Banks and NBFCs are doubling down on loans to MSMEs as it's a safe bet. The government offers lower interest rates, relaxed lending norms and tax incentives. "Opportunity to scale up, especially in non-traditional regions of north, central and west India is significant," says Pradeep Mukundan, partner, Deloitte India.
Since customers pledge gold as security, it's easier to auction in the case of default, which helps them keep non-performing assets (NPAs) in check. These entities are now exploring options like "doorstep gold loans", which offer ease and help businesses scale. "Growth in loan volumes without commensurate investment in capacity and processes to assess loan eligibility, especially to assess gold volume in jewellery that's pledged, created additional risk."

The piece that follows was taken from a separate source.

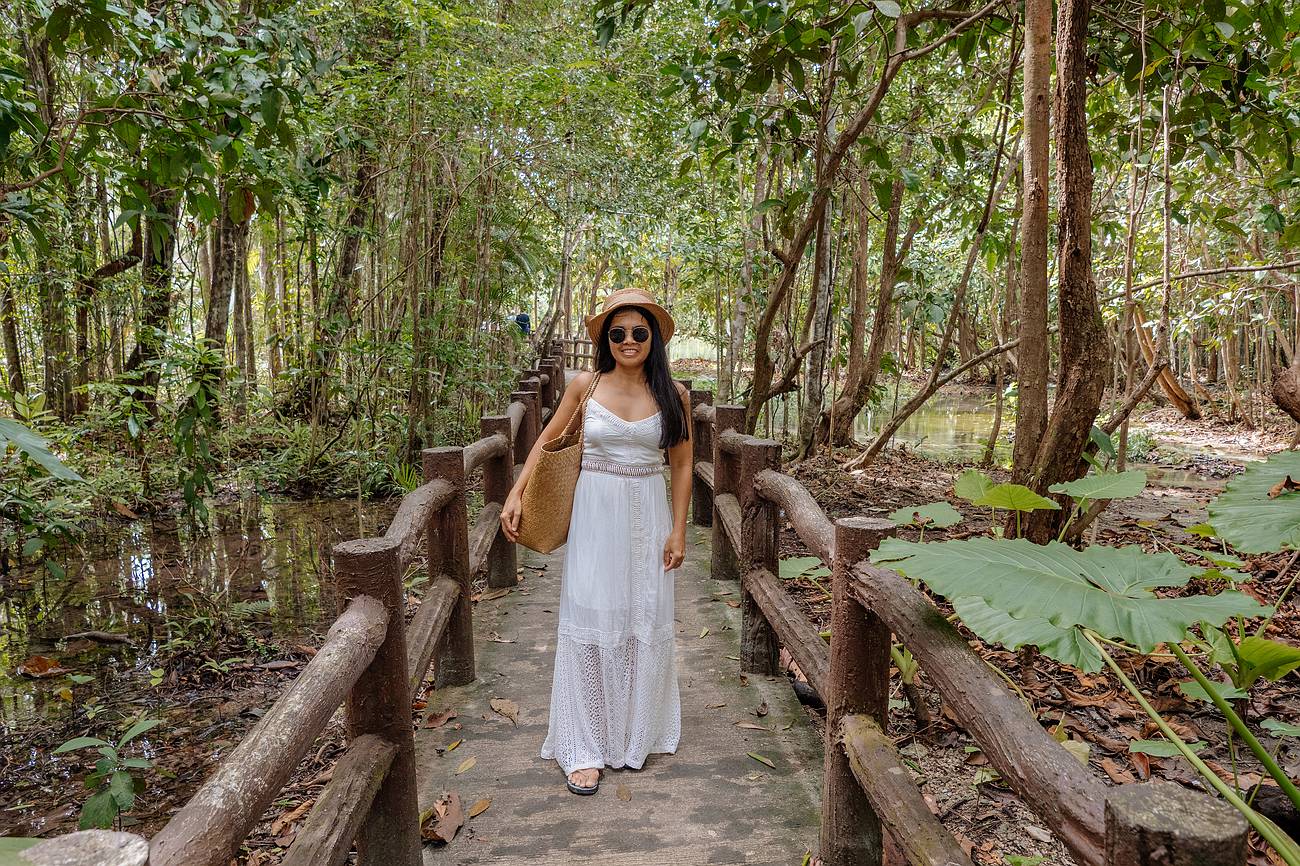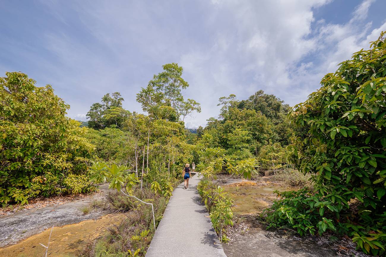 Empfehlenswerter ist der längere Naturpfad, der kurz nach dem Eingang rechts abzweigt. Diese Strecke ist rund 1,4 Kilometer lang und dauert etwa 20 Minuten – je nachdem, wie oft du unterwegs stehen bleibst, um das Dschungelflair zu genießen. Hier schlängelt sich ein hölzerner Steg durch den Regenwald, vorbei an klaren Quellen, Mangroven, kleinen Flüssen und mit etwas Glück auch Tieren. Der Weg ist nicht beschwerlich und bietet deutlich mehr Eindrücke der abwechslungsreichen Landschaft. Außerdem passierst du unterwegs den oft übersehenen Crystal Pool, der sich für eine kurze Pause anbietet.

Aditi Gupta, economist, Bank of Baroda attributes the uptick in gold loans to a surge in prices. "Due to higher gold prices, consumers can now get a higher quantum of loan with the same quantity," she says. With the RBI’s crackdown on unsecured loans, gold loans' attractiveness for both banks and borrowers has increased, she says. "Since gold loans are secured, it reduces the possibility of default. For borrowers as well, gold loans are an attractive alternative to personal loans."
Signs of Distress in Economy?
Jaikrishnan G, partner, PwC, says the rise in gold loans can't be attributed to economic distress. "Growth in high-quality secured credit also increases liquidity in a growing economy." Entities are expanding by investing in networks, a key for new gold loans. "This is driven by demand for debt from individuals operating micro-business enterprises," says Deloitte's Mukundan.
Gold plays an important role in India's socio-economic culture. Though there's a taboo associated with pledging personal gold ornaments for loans, that's changing. Mukundan says gold loans have come out of the taboo of being considered as the last resort of funding. "Rise in gold loans can not be attributed to economic distress. Growth in high-quality secured credit also increases liquidity in the economy."
The organised gold loan market in India is still too small at 37%, which means local moneylenders control the majority market. Experts say regulated entities have a solid opportunity to go all in. As for the future, they say the demand for gold will not reduce until most of the market stays outside formal finance. "This leaves enough headroom for players to have a share of the pie. Digitalisation will bring more customers into the formal sector," says V.P. Nandakumar, MD and CEO, Manappuram Finance.
Urban and semi-urban areas are expanding rapidly. But, the next phase of growth will happen in rural India, where gold holds an important status. Around 90% of the rural market is yet to be tapped. "Gold loan sector is poised for robust growth – most of it from small towns and villages," says Umesh Mohanan, executive director and CEO, Indel Money.